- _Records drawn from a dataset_
╔══

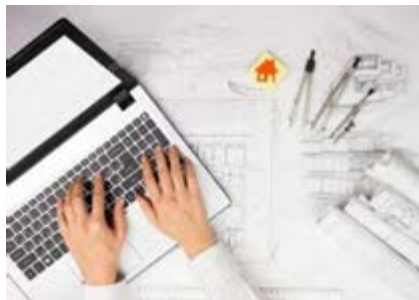
ФАЙЛЫ ДЛЯ ПРОФЕССИОНАЛОВ

Материалы доступны для скачивания по следующим ссылкам:
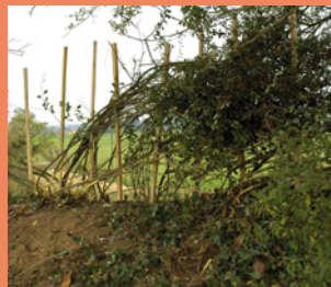
Entrelaçage des brins
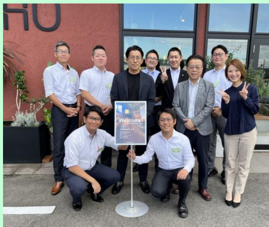
代理店ベンチマーク研修
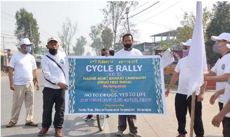
চখিবা সাইকল রেঞ্জি অদুনা লম্বোলদগী কৈনৌ ফাওবা লাক্সা মতুংদা ক্লাসা

ইফল, মার্চ ২৭ (এট এন এস): নাশা মুক্তা ভারত কেম্পেইনগী
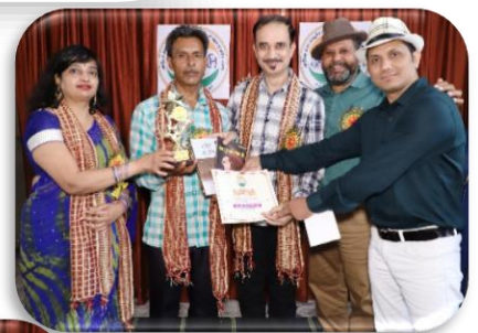
गुस्ताख हिंदुस्तानी-दिल्ली तृतीय पुरस्कार
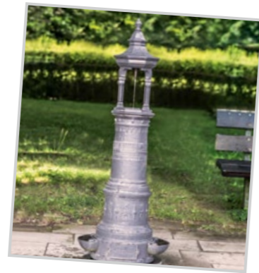
am Wasserwerk in Staad
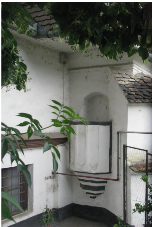
A segesvári lepra-szószék (a szerző felvétele, 2013. július)

partján épült egy puszta részen, amelynek „Gringraas” volt a neve. A kórház tulajdonképpen pár kunyhóból állott - mint azt Faber is leírja fent már idézett költeményében - melyek közül egy még a XIX. század elején is fennállt. A kórház közelében építettek egy kis templomot is, külső oldalán szószékkal, mivel a néha 20-30 évig is sínylődő leprásoknak szükségük volt lelki vigasztalásra, azonban a templomba bemenni nem volt joguk. A templom környéke ma már be van építve, lakóházak veszik körül ezt a szomorú emléket. A templom hátsó oldalától pár méterre gazos vasúti sín fut. Ezen a helyen állt a hajdani kórházépület. A lepra-szószéket - amelyet 1684 óta már nem használtak - a kíváncsi szemek előtt a szomszédos veteményeskertben futó tök levelei takarják el. A kezdetben katolikus, majd a XIX. századtól lutheránus magyar templomot a segesvári román görög katolikus egyház már évtizedekkel ezelőtt átvette. Bár Segesvár város turisztikai honlapján 209 szerepel a műemlék, nem járnak erre turisták.
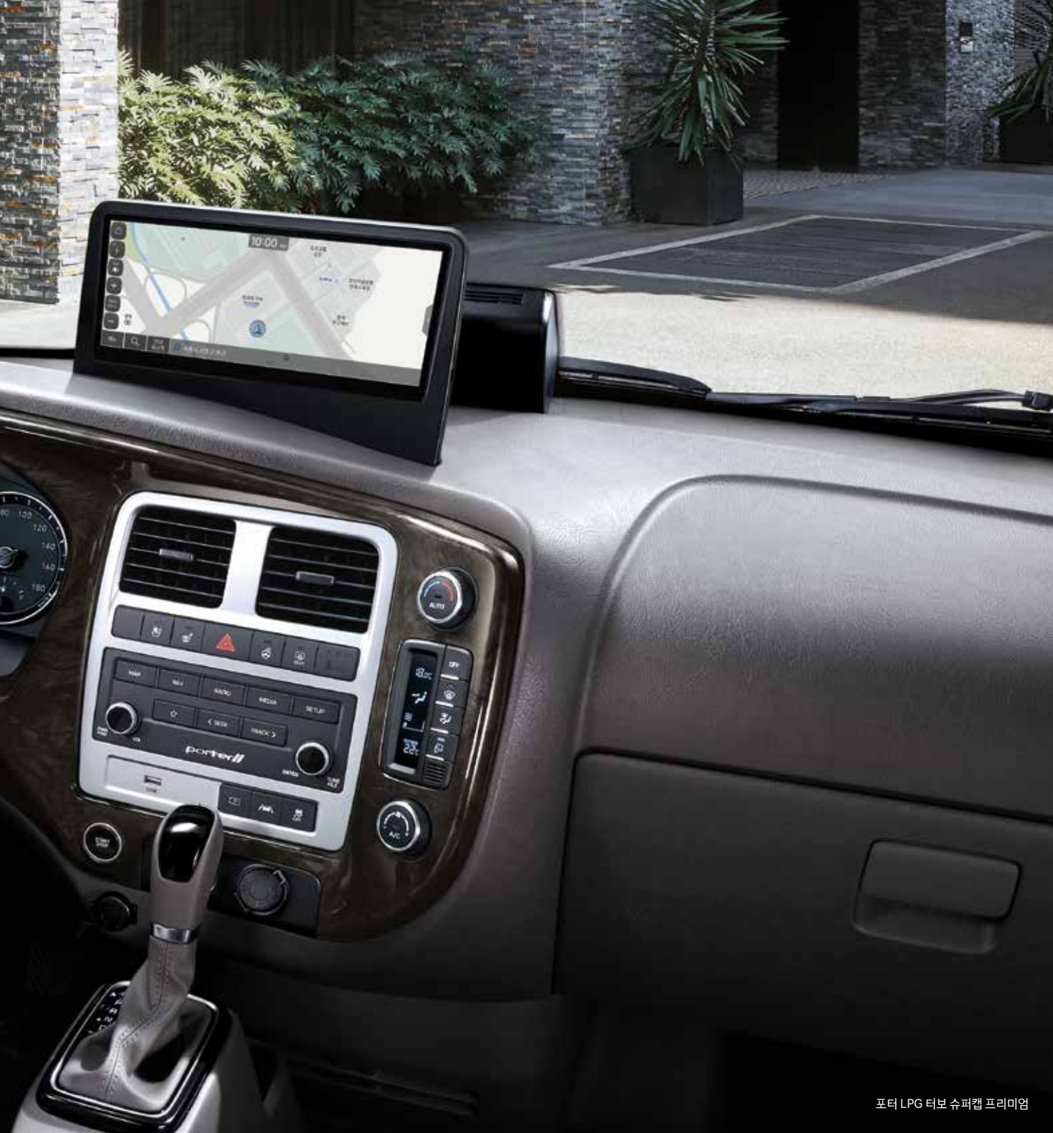
포터 LPG 터보 슈퍼캡 프리미엄
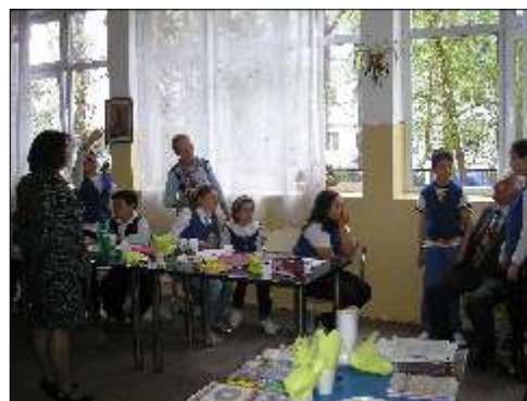
Colocviu pe teme ecologice

la Ambasada Belgiei: Ecomondia- universitari din Pennsylvania și Flandra.
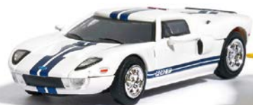
NEU HO 9838871 Ford GT sortiert in den Farben Weiß und Gelb
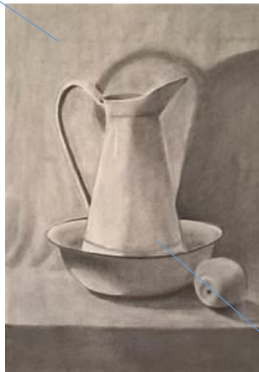
FIGURA O FORMA

La relación figura- fondo se vale de diferentes cualidades visuales. Las cuales son:
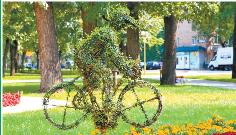
Этому велосипедисту можно ездить по газонам

Здесь скоро откроется VI окружной фестиваль цветников
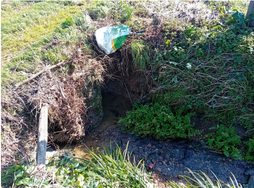
Rio Guadagnino – Attraversamento 7.5 – tratto di vale
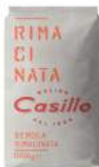
FARINA DI SEMOLA RIMACINATA KG
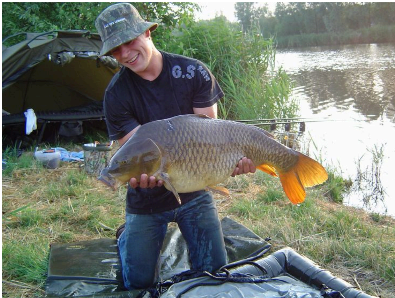
Dicky met de zwaarste van de wedstrijd: 80 cm en 19.8 pond. Een schitterende vis!
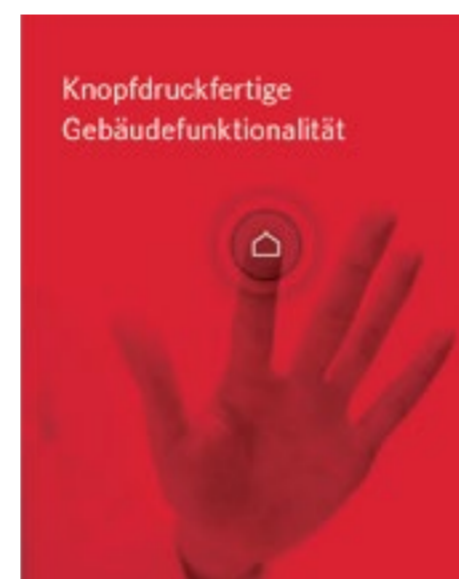
ELWO bietet per Knopfdruck besten Schutz für Personen und Sachwerte.

ALGECO errichtete TV-Studio für NEWTOPIA. Innerhalb von nur 14 Tagen haben wir eine 1.900 m 2 große Containeranlage sowie die nebenan stehende Scheune mit modernster Brandmelde-technologie und Sicherheitsbeleuchtung ausgestattet.

╚══

- _Work to be completed_
The required output is every line above that contains the string "segesvári".

- _Reply_
A segesvári lepra-szószék (a szerző felvétele, 2013. július)
partján épült egy puszta részen, amelynek „Gringraas” volt a neve. A kórház tulajdonképpen pár kunyhóból állott - mint azt Faber is leírja fent már idézett költeményében - melyek közül egy még a XIX. század elején is fennállt. A kórház közelében építettek egy kis templomot is, külső oldalán szószékkal, mivel a néha 20-30 évig is sínylődő leprásoknak szükségük volt lelki vigasztalásra, azonban a templomba bemenni nem volt joguk. A templom környéke ma már be van építve, lakóházak veszik körül ezt a szomorú emléket. A templom hátsó oldalától pár méterre gazos vasúti sín fut. Ezen a helyen állt a hajdani kórházépület. A lepra-szószéket - amelyet 1684 óta már nem használtak - a kíváncsi szemek előtt a szomszédos veteményeskertben futó tök levelei takarják el. A kezdetben katolikus, majd a XIX. századtól lutheránus magyar templomot a segesvári román görög katolikus egyház már évtizedekkel ezelőtt átvette. Bár Segesvár város turisztikai honlapján 209 szerepel a műemlék, nem járnak erre turisták.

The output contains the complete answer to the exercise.